What to work on: Could you repeat, exactly and with no pictures, only the lines from the start of the records through the line containing "the anorexic, the"?

Dataset items
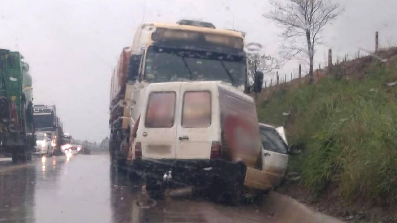 No local houve um acidente do tipo colisão frontal envolvendo uma Fiat Fiorino, emplacada em São José do Cedro/SC, e uma carreta de Santa Helena/PR.
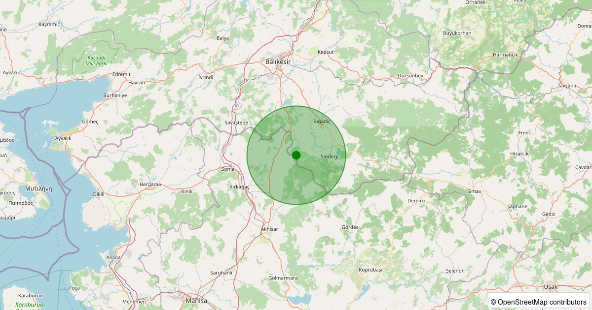Son 7 gün içinde Sındırgı - Eğridere noktasından 100 km yarıçap içerisinde meydana gelen diğer depremler:
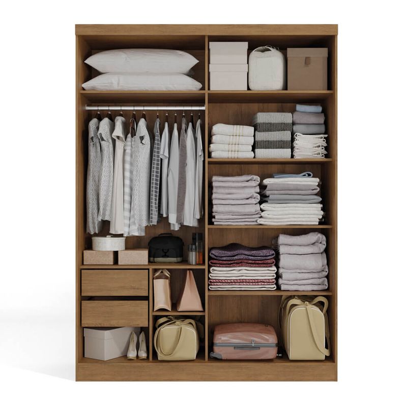 Internamente, o Guarda-Roupa J563 é inteligentemente dividido para atender todas as suas necessidades de organização: conta com duas gavetas internas equipadas com corrediças telescópicas, que garantem abertura suave e total, perfeitas para itens menores. Além disso, dispõe de cinco prateleiras espaçosas e cabideiros metálicos resistentes, ideais para pendurar roupas e organizar acessórios.
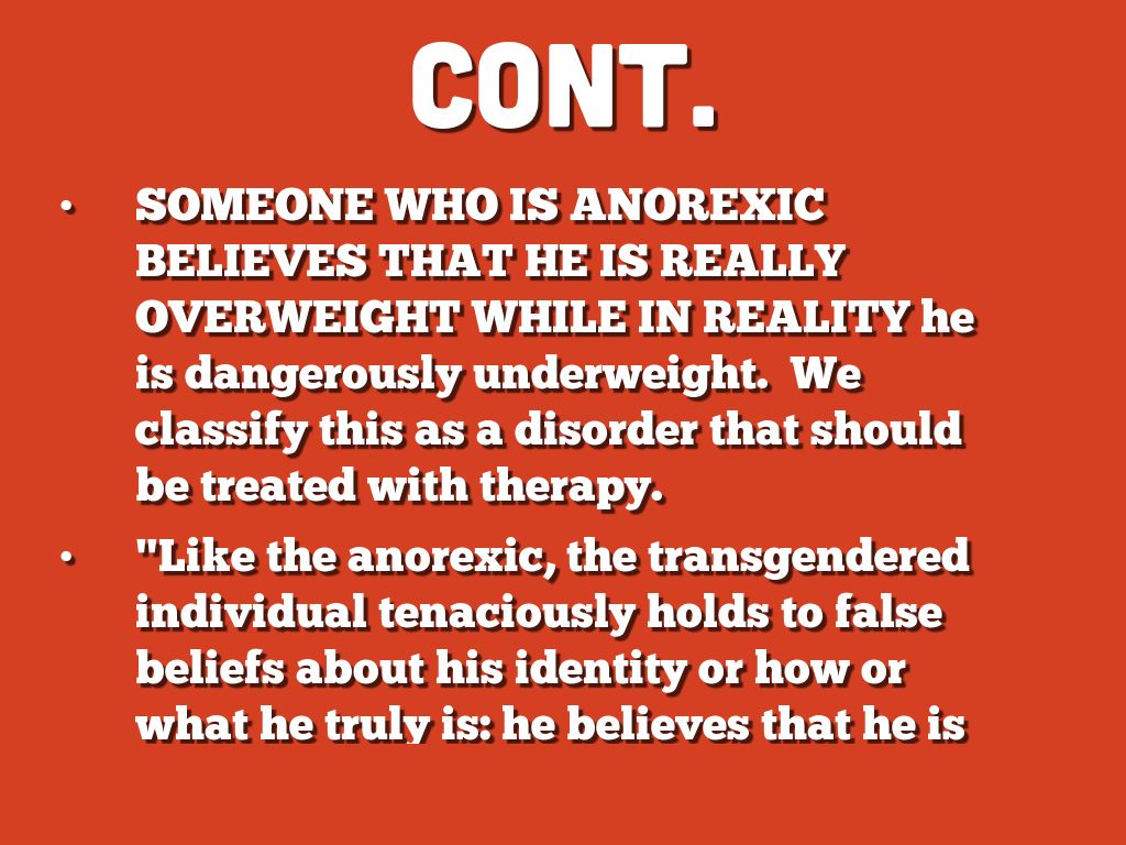 "Like the anorexic, the transgendered individual tenaciously holds to false beliefs about his identity or how or what he truly is: he believes that he is a sex that he is not"
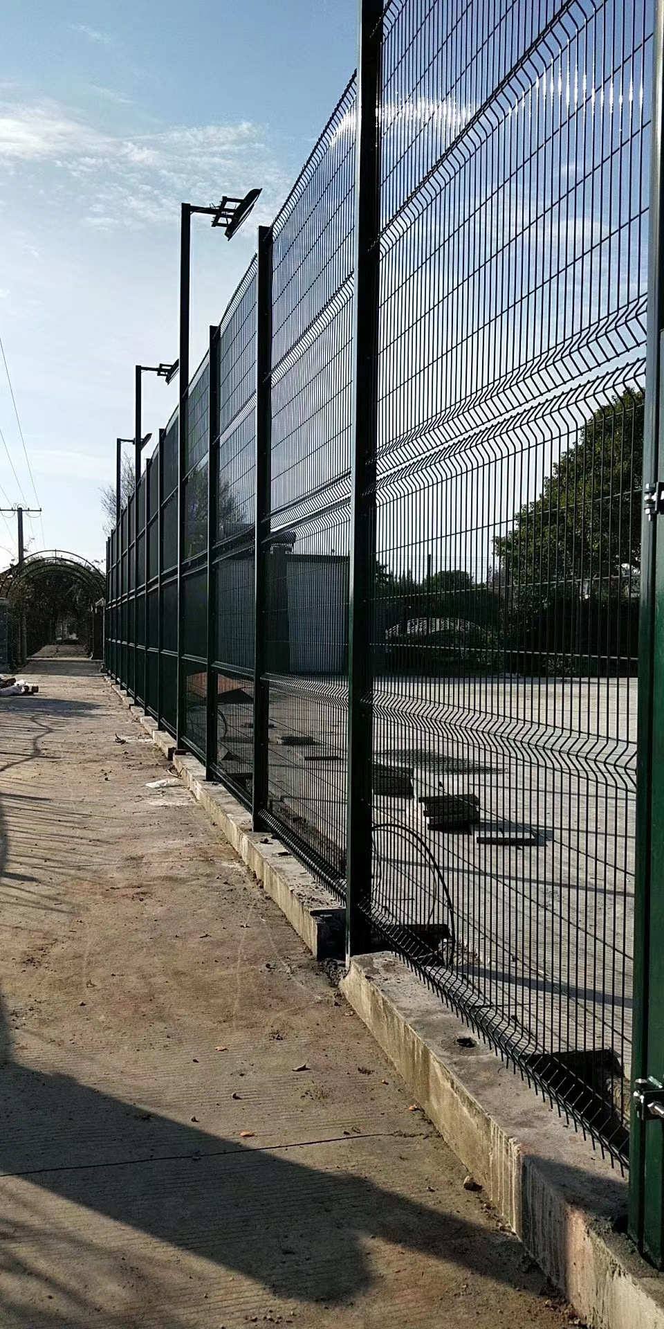 機場圍界網(wǎng)常用的兩種結(jié)構(gòu)就是雙邊絲的和框架的,這兩種結(jié)構(gòu)的除開框架護欄網(wǎng)的邊框規(guī)格其他的基本都是相同的規(guī)格。常用高度為2.0m,大高度可做2.4m;柱中到柱中的距離一般為3m;折彎的都采用的是頂部30公分30度角的折彎,立柱多采用60*60*3mm方管;網(wǎng)孔大小通常為50*100mm;塑后絲徑范圍:5.0-6.5mm。機場圍界又稱作“Y型安全防御護網(wǎng)”,是由V型支架立柱,加強型焊接片網(wǎng),安全防盜連接件和熱鍍鋅刀片刺籠組成強度和安全防御性級別很高。近年來,被廣泛應(yīng)用在機場,軍事基地等高安全場所。注:如果在機場圍界頂部加裝刀片刺絲、刀片刺繩后又很好的增強了安全防護性能。
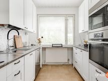 - Jääkaappipakastin, erillisuuni, induktioliesi, liesituuletin, mikroaaltouuni, astianpesukone, kaapistot, kiinteät valaisimet.

Answer for the task:
 No local houve um acidente do tipo colisão frontal envolvendo uma Fiat Fiorino, emplacada em São José do Cedro/SC, e uma carreta de Santa Helena/PR.
Son 7 gün içinde Sındırgı - Eğridere noktasından 100 km yarıçap içerisinde meydana gelen diğer depremler:
 Internamente, o Guarda-Roupa J563 é inteligentemente dividido para atender todas as suas necessidades de organização: conta com duas gavetas internas equipadas com corrediças telescópicas, que garantem abertura suave e total, perfeitas para itens menores. Além disso, dispõe de cinco prateleiras espaçosas e cabideiros metálicos resistentes, ideais para pendurar roupas e organizar acessórios.
 "Like the anorexic, the transgendered individual tenaciously holds to false beliefs about his identity or how or what he truly is: he believes that he is a sex that he is not"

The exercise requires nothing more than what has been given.